Saturday, August 20, 2005

The National Collegiate Athletic Association created some wiggle room yesterday in its recent decision to ban American Indian imagery, announcing that it would give latitude to universities whose “namesake” tribe supports the mascot.

A newly formed staff committee charged with reviewing appeals to the Aug. 5 ruling will take into account the university’s relationship with the tribe as a “primary factor,” according to a statement released yesterday by the NCAA.

The announcement was good news at the home of the Fighting Sioux — the University of North Dakota, whose president fired off a letter last week announcing his intention to appeal the decision and, if necessary, take the matter to court.

But Vernon Bellecourt, president of the National Coalition on Racism in Sports and Media, said a tribal council’s seal of approval shouldn’t stop the NCAA from enforcing its ruling, which would ban American Indian nicknames and imagery in postseason tournaments.

Yesterday’s decision by the NCAA also was hailed at Florida State University — the home of the Seminoles, which enjoys a strong relationship with the Seminole Nation of Florida. On June 17, the tribal council voted unanimously to affirm “its ongoing support of the university’s use of its name and symbols.”

“We are hopeful that the NCAA will recognize the sovereignty of the Seminole Tribe of Florida and respect its support of Florida State University’s use of the Seminole name,” FSU President T.K. Wetherell said yesterday.

However, Mr. Bellecourt called the Seminole council members “hang-around-the-fort Indians,” a reference to American Indians who were friendly with the U.S. Army and set up camp near their forts during the 1800s.

“The tribal leaders don’t speak for all Seminoles, and there are Seminoles who oppose the use of the Seminole name as a sports mascot,” said Mr. Bellecourt, a member of the Objiwe Nation in Minnesota.

NCAA spokesman Erik Christianson said Florida State was the only university among the 18 with nicknames deemed “hostile or abusive” to have filed a formal appeal. The committee will begin considering the appeal Monday.

University of North Dakota President Charles E. Kupchella had said he was “stunned” and “angry” to see the Fighting Sioux included on the list of “hostile or abusive” mascots.

He noted that the university has no mascot, just a name and a logo designed by Ben Brien, a well-known Indian artist.

What’s more, Mr. Kupchella said, the logo is almost identical to those found on U.S. coins and North Dakota Highway Patrol cars.

It’s almost impossible to escape Indian references and names in North Dakota and its surrounding states, he said.

“I think you should find my confusion here understandable, since obviously if we were to call our teams ‘The Dakotans,’ we would actually be in more direct violation of what apparently the NCAA is trying to establish as a rule, even though this is the name of our state,” Mr. Kupchella said in an Aug. 12 letter to the NCAA.

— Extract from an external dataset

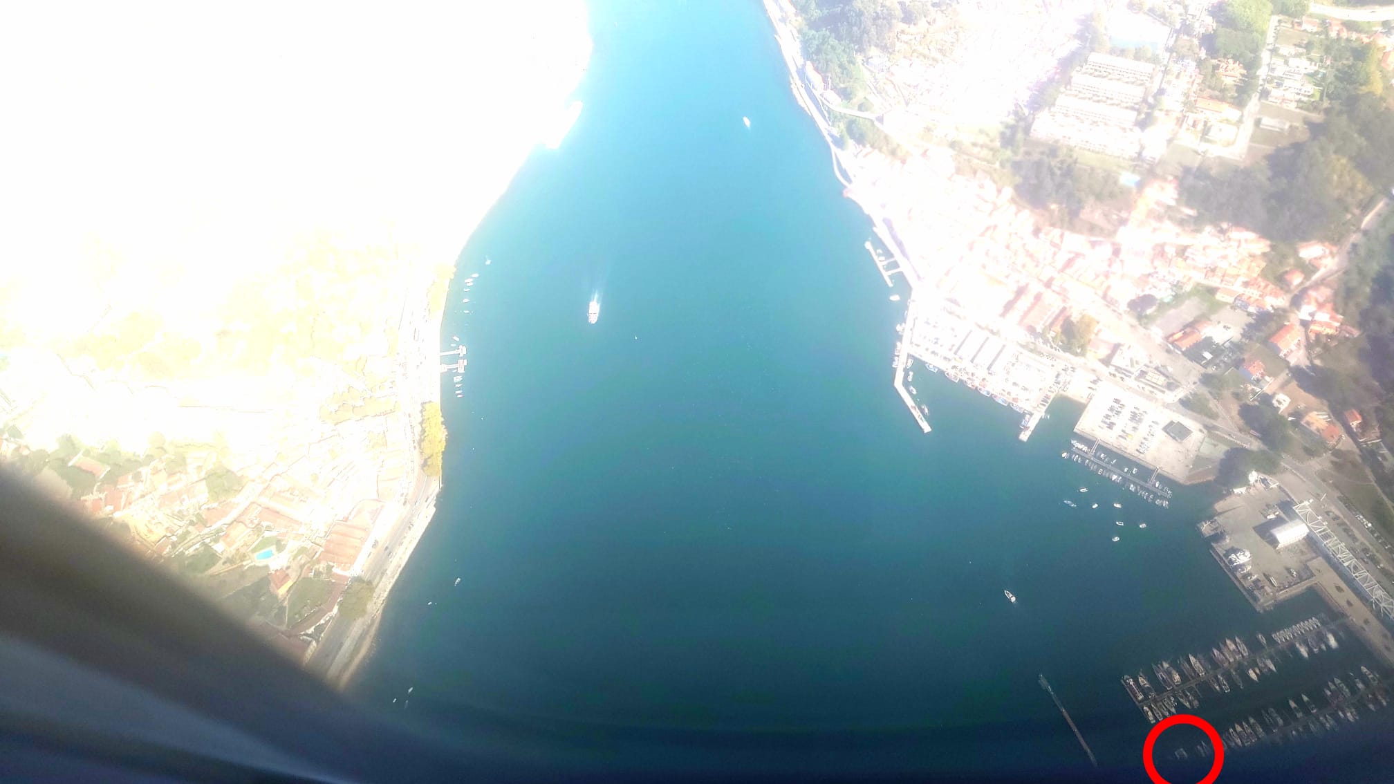 Almost back home! At our descent to Porto airport, we fly over the marina. Dione IV is still there! When you zoom in on this picture, you can see the rear part of her stern in the circle!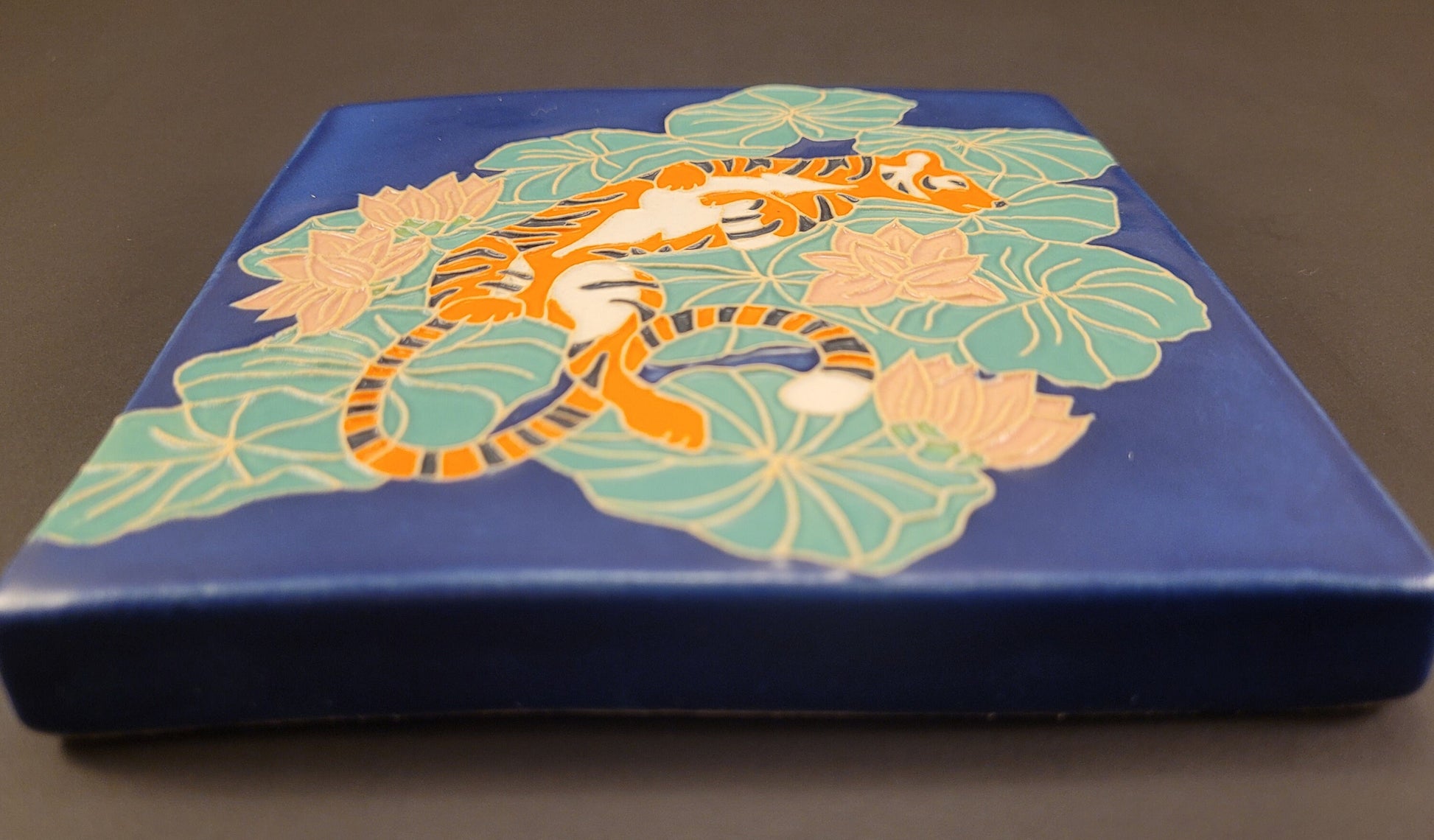 Do Tigers sleep in Lilly Patches? Whether or not you're a Phish fan, this brightly glazed tile is perfect to add a pop of color to any space. This handmade ceramic art tile can be easily hung on a wall or displayed using a small easel. The detailed tile is pressed into a hand-carved mold, by none other than yours truly, and then finished up with a couple of kiln firings and some intense glazing. Please keep in mind that since each tile is hand pressed and glazed, variations are to be expected. This is just part of the beauty of handmade tiles!

The state’s two Sioux tribes are divided on the nickname issue. The Spirit Lake Sioux traditionally have supported the name, while the Standing Rock Sioux have opposed it, university spokesman Peter Johnson said.

The school can hardly be considered “hostile” to American Indians, university officials said. It enrolls 400 American Indian students and offers a wide array of specialized programs, including Indians in Medicine, which Mr. Kupchella credited with generating 20 percent of the nation’s American Indian doctors.

“I am very proud when I visit reservations in our state to see that a large number of the teachers, doctors, college presidents and other leaders are graduates of the University of North Dakota,” Mr. Kupchella said. “Do you really expect us to host a tournament in which these names and images are covered in some way that would imply that we are ashamed of them?”

Mr. Bellecourt said the university’s argument reminded him of Southerners who supported Jim Crow laws. “It’s ‘separate but equal’ all over again,” he said.